A number of input datasets are used. Bathymetry is developed from the GEBCO dataset (GEBCO Compilation Group, Citation2020), for which the minimum depth is constrained to 23 m. This is not ideal, especially in shallower coastal areas and for nonlinear constituents, but is done to ensure long-term model stability.

Atmospheric forcing is applied using a bulk formulation as outlined by Large and Yeager (Citation2004). The forcing files themselves are hourly averages generated using 30 years of ERA5 atmospheric data. This will allow for the influence of the atmosphere on some constituents whilst smoothing out extreme events such as storm surges. As previously mentioned, all surface heat and salinity fluxes are set to zero – only wind and atmospheric pressure forcing is applied at the ocean surface to preserve constant density.

2.3. Observations

For assimilation and validation, harmonic data from bottom pressure recorder and tide gauges are used. These harmonics are derived from analyses of bottom pressure and sea surface height time series. Data from bottom pressure recorders are obtained from the IAPSO (Cartwright and Zetler, Citation1979), GLOUP [CITE] and PSMSL (Permanent Service for Mean Sea Level, Citation2019; Holgate et al., Citation2013) databases. Tide gauge records are obtained from the GESLA (Woodworth et al., Citation2017) database. The locations of these observations can be seen in Figure . Spatial coverage is good in many coastal areas, including the Northwest European Shelf and the coastlines of the USA and Japan. However, observations are sparse in polar regions, especially in the Arctic Ocean and South Pacific. The treatment and harmonic analysis of these observations is described in Section 2.5.

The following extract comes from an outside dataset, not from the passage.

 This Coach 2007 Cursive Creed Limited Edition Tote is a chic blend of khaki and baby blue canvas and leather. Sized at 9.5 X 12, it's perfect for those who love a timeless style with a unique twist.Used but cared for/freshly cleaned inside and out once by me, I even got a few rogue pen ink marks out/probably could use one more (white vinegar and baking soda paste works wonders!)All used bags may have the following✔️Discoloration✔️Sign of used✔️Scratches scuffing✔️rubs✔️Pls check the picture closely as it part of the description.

Figure 2. Amplitude and phase errors in the unadjusted model for M2 and K1 at available tide gauge and bottom pressure recorder locations.

2.4. Assimilation scheme

2.4.1. Overview

Data assimilation techniques are used to blend together SSH harmonics from the model and observed harmonics (discussed further in Section 2.4.2). Henceforth, the dataset of combined observations and model harmonics will be referred to as the ‘analysis dataset’, which is distinct from the harmonic analysis discussed in Section 2.5. Amplitudes and phases are not directly used in this scheme due to the periodicity of phase and strictly positive nature of amplitude. These characteristics create difficulties when applying modifications to the model (e.g. adjusted amplitudes must never be negative) and in ensuring that errors are normally distributed: a necessity for many assimilation schemes. Instead, $z_{1}$ and $z_{2}$ are used, defined here as: (1) $z_{1} = a \cos g,$ (1) (2) $z_{2} = a \sin g,$ (2) where a and g are the amplitude and phase, respectively, of a given constituent. These are the cartesian (or complex) analogue of amplitude and phase, and both lie in the set of real numbers, $R$ . This also aligns well with comments made by Xu (Citation2018) on the interpolation of harmonic information. It is important to note that only the assimilation of SSH is discussed in this study. Options for extending this to currents are discussed in Section 4.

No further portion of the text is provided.